The Durbin Amendment reigned in that dog and pony show starting October 1, 2011 and as a result BOA announced a new monthly fee to take effect for anyone using their debit card to make purchases.
So is Bank of America really on the hooks as the analyst says and needs a bankruptcy to restructure their debts?
Bank of America operates under the banking charter issued to its originating bank, the Bank of Italy, founded in San Francisco, CA in 1904 by Armadeo Giannini. This charter was granted on March 1, 1927. While we do not have an official time, I set the time at 9:00 AM, the start of the business day, a practice I’ve personally found useful in evaluating businesses, though this is not a standard astrological practice. The location is set in San Francisco, as this is where Mr. Giannini started his bank.
This charter to operate as a bank was set when the Sun was conjunct Jupiter in the sign of Pisces. This Jupiter/Sun combo squares Mars in Gemini and Saturn in Sagitarrius. Mercury, the planet of commerce as well as communication makes a stress aspect (inconjunct) to Neptune. Can it be fair to say that this entity is not entirely above board in its business dealings? If we were to evaluate this as the chart of a person, we might say that this is a person who talks out both sides of their mouth. And with the Sun/Jupiter combo making a trine to the planet of power and control, this is one entity that has no problem keeping on top of a situation.

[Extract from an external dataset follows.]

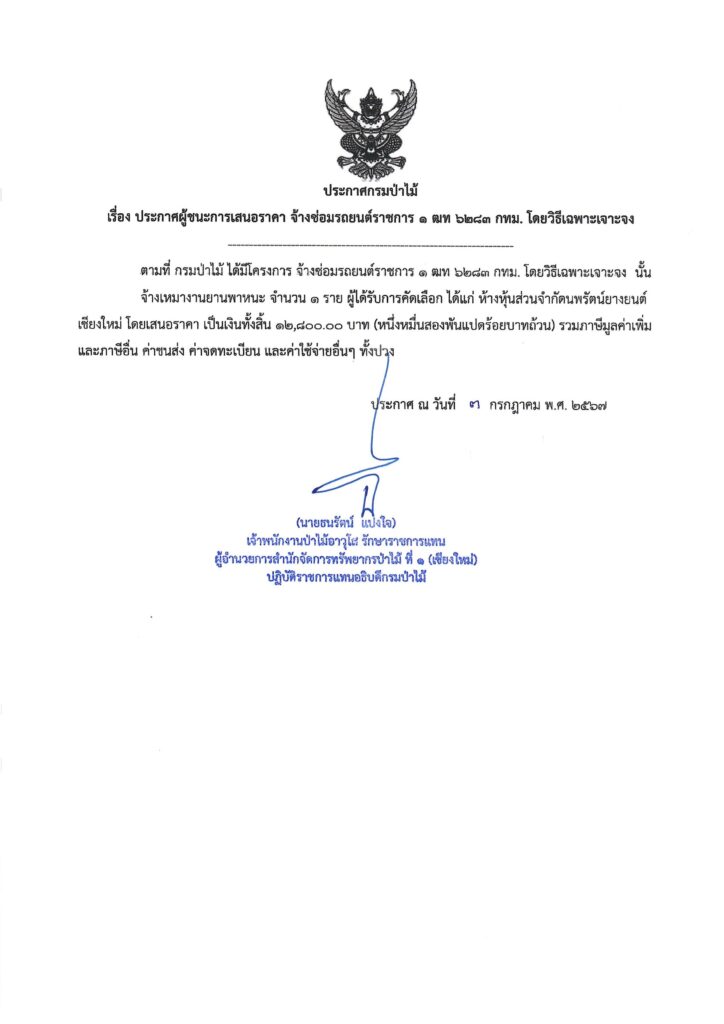 ประกาศกรมป่าไม้ เรื่อง ประกาศผู้ชนะการเสนอราคา จ้างซ่อมรถยนต์ราชการ ๒ ฒท ๖๒๘๓ กทม. โดยวิธีเฉพาะเจาะจง4 กรกฎาคม 2024 ใน ประกาศจัดซื้อจัดจ้าง by adminir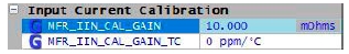 使用阻性分流器時(shí),將MFR_IOUT_CAL_GAIN_TC值設(shè)置為制造商的規(guī)格以補(bǔ)償溫度變化。通常,大于10 mΩ的分流器具有較低的溫度系數(shù):<100 ppm/°C。

As far as transits go, Chiron/Neptune is just beginning a long slow transit of the Sun/Jupiter natal combination, and with the planet of abundance, Jupiter making a friendly energetic connection to that combo and a trine to Pluto BOA is considering bankruptcy as an option. But if it does proceed with that option it is isn’t because they need to reorganize their debt but because they want to. Because in the long run it makes a better balance sheet to tell investors, “So sorry we aren’t able to pay you.” Because it gives a really good excuse to layoff more employees. And those employee pension funds are just too juicy to ignore since pension funds magically disappear during a reorganization. (I guess not having to pay taxes on receipts of investments in pension funds just isn’t enough incentive anymore.) And once again big business can stick it to their customers and the people who labor for them in the interests of short term gains.